Version-Release number of selected component (if applicable):
lvm2-cluster-2.02.21-7.el4.ppc64
lvm2-2.02.21-5.el4.ppc
cmirror-1.0.1-1.ppc64
device-mapper-1.02.17-3.el4.ppc
device-mapper-1.02.17-3.el4.ppc64


How reproducible:
I've hit it twice already.  It should be easy to hit again on the same hardware.


Steps to Reproduce:
lvm_try, mirror_2 volume config
  
Actual results:
See above

Expected results:


Additional info:

Comment 1 Nate Straz 2007-05-01 21:20:57 UTC
Created attachment 153896 [details]
complete dmseg output from node basic.

Comment 2 Jonathan Earl Brassow 2007-05-02 14:18:20 UTC
Writes are disallowed to regions that have not yet been recovered.  This makes I/O suck, I know.  Kernel 
changes are required to fix this problem without delaying I.O.  This will be done in 4.6.

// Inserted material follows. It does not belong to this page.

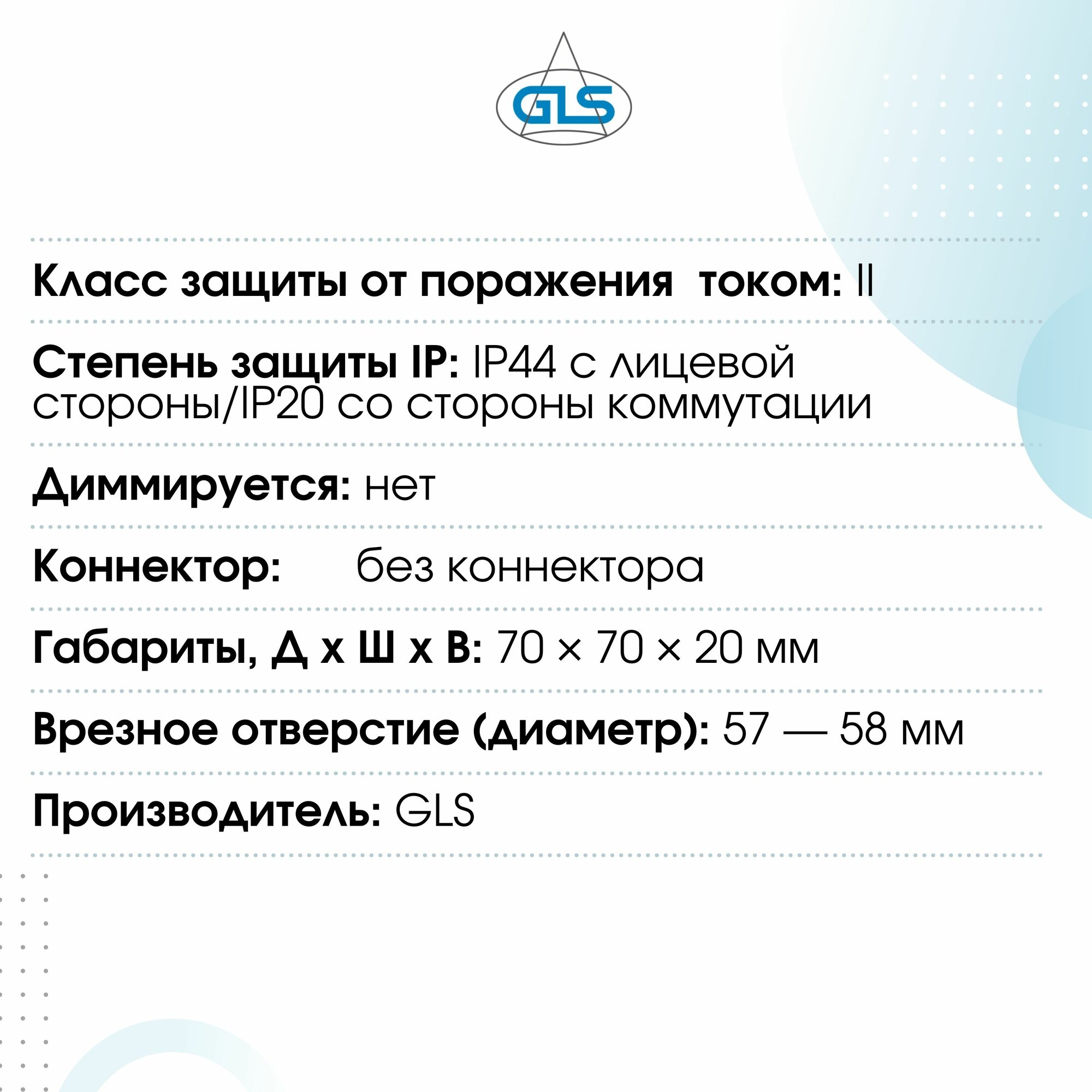 Отзывы на Встраиваемый светильник GLS LED Polus LUX, 3.5 Вт, 220V IP44, 4000К, светодиодный мебельный врезной, цвет хром

For now, writes simply get delayed until the mirror has synced past the region being attempted.

Comment 3 Nate Straz 2007-05-03 16:07:24 UTC
Keep this bug open for a 4.6 errata.

Comment 4 Jonathan Earl Brassow 2007-07-11 16:19:09 UTC
2.6.9-55.16.ELsmp kernel has the necessary patches.

cmirror-kernel code updated July/11/2007


Comment 5 Jonathan Earl Brassow 2007-08-22 17:28:30 UTC
*** Bug 243773 has been marked as a duplicate of this bug. ***

Comment 6 Jonathan Earl Brassow 2007-08-22 17:34:56 UTC
post -> modified.

Comment 7 Jonathan Earl Brassow 2007-09-04 16:12:36 UTC
*** Bug 252007 has been marked as a duplicate of this bug. ***

Comment 8 Corey Marthaler 2007-09-25 13:50:21 UTC
This bug may not be completely fixed yet and may be related to currently open bz
290821.

Comment 9 Nate Straz 2008-05-30 18:18:33 UTC
Closing this out since it missed the errata process.